ASSESSING INTERACTIONS BETWEEN MERCURY AND MICROBIAL POPULATIONS IN THE SNOWPACK: A METAGENOMIC APPROACH

2009 
Mercury (Hg), a persistent and toxic element, is found both naturally and as an anthropogenically-produced compound in the environment. Industrial use of Hg, and its subsequent release to the environment, has contributed to increasing Hg levels in soil, sediments and aquatic ecosystems worldwide. The Arctic is at risk for Hg toxicity. This is particularly the case for coastal sites, which appear to be involved in Hg cycling. The role of micro-organisms in the biogeochemical Hg cycle has recently become the focus of a large number of studies. The inorganic form of Hg, HgII, can be reduced to the relatively inert gaseous elemental mercury (GEM) form by bacteria possessing the mer operon. Bacteria, such as sulphate or iron reducers, are also reported to mediate the transformation of HgII to the more toxic and bioaccumulative organic form, methyl mercury (MeHg).
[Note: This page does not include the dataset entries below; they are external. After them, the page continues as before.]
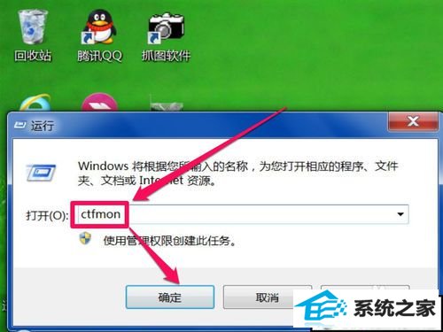 7: 还有个快捷方法,打开“开始菜单”,启动“运行”程序,然后输入ctfmon命令,按“确定”,也可调出输入法图标。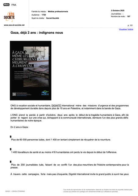 DIGNITÉ International a lancé une pétition qui appelle les citoyens à se mobiliser pour exiger la protection des civils et la reconnaissance des droits fondamentaux des Palestiniens. Cette pétition qui a recueilli plus de 60 00à signature au 7 octobre 2025 sera remise au Sénat, afin que cette exigence soit entendue au plus haut niveau.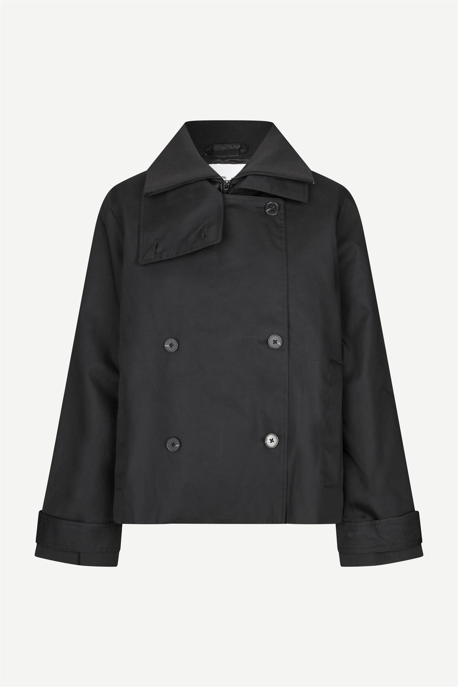 Samsøe & SamsøeSarivo Jacket 15470 fra Samsøe & Samsøe. Sarivo Jacket 15470 er en 2-i-1-jakke som kombinerer en kort trenchcoat og en vattert innerjakke, og gir deg et allsidig plagg med regular fit og avslappede, droppede skuldre. Ytterjakken har dobbeltspent knepping og justerbare mansjetter med stropp og knapp, mens innerjakken har glidelåslukking og er vattert for ekstra varme. Begge jakkene har høy hals og praktiske welt-lommer i front. Normal i størrelsen.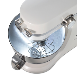 Urządzenie EKM 4100 w jest wyposażone w spiralne mieszadło hakowe, końcówkę do ubijania oraz płaskie mieszadło, które pozwalają szybciej wyrobić ciasto, przygotować doskonałe purée ziemniaczane, idealnie ubić śmietanę albo dokładnie wymieszać ciasto na naleśniki. |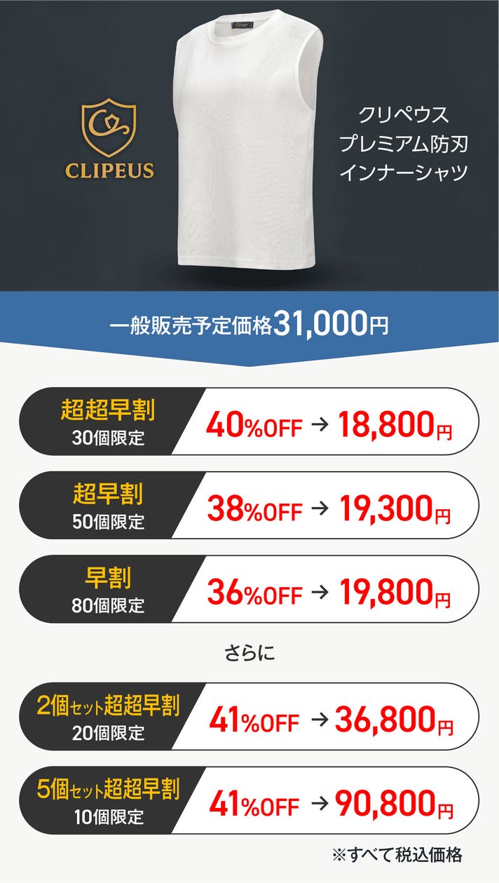 【2個セット超超早割・41%オフ】クリペウス プレミアム防刃インナーシャツ×2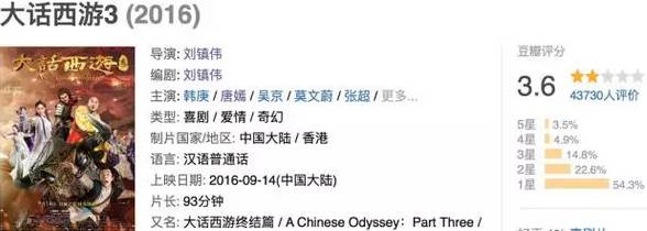 去年刘镇伟拍了《大话西游3》,豆瓣3.6分,相较于大话西游以往的水平可以说是非常差了。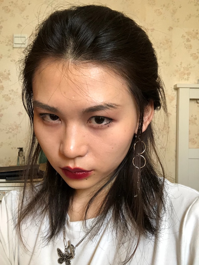 第一张妆容特点:全包眼线、砍眉、酷拽口红颜色、无腮红修容、眼角点痣、眼下阴影、修容当眼影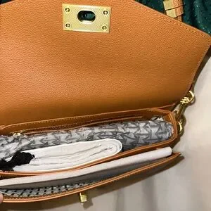 Moncrief Taylor Bag in Latte Color. Brand new with original tags, charm, and dust bag. This elegant tan leather shoulder bag is perfect for any occasion. Its sleek design and high-quality material make it a must-have accessory.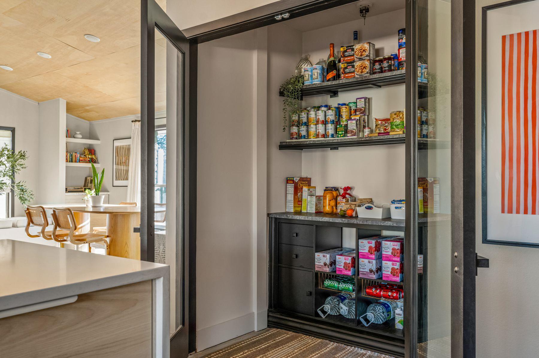 - Bookcases, Built-in Features, Ceiling Fan(s), Ceiling-High, Quartz Counters, Eat-in Kitchen, Kitchen Island, No Interior Steps, Open Floorplan, Pantry, Primary Bedroom on Main, Recessed Lighting, +4 more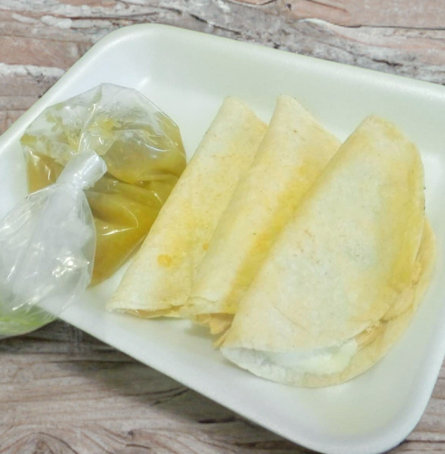 tortilla de maiz quique, rellenas de queso de hebra, pollo, adicionada con salsa pícante

However, the extent to which bacterial populations interact with mercury remains to be elucidated, especially in polar ecosystems. In order to understand how microbial populations respond to mercury, we used a metagenomic approach to describe both community structure and gene function variations in the Arctic snow pack over a two-month period during the spring of 2008 in Ny-Alesund, Svalbard, Norway. Using taxonomic DNA microarrays, a high throughput molecular biology technique, we monitored the evolution of bacterial communities within the snowpack. Community structure was then correlated to environmental factors and mercury concentrations. Gene function was analyzed by pyrosequencing as well as Q-PCR. The potential interdependence of the microbial community controlled mercury transformations and the community structure could provide insights into mercury cycling in the Arctic. In addition, the role of mercury resistant bacteria in the survival of the entire microbial community can be induced by the correlation between community members and mercury functional genes.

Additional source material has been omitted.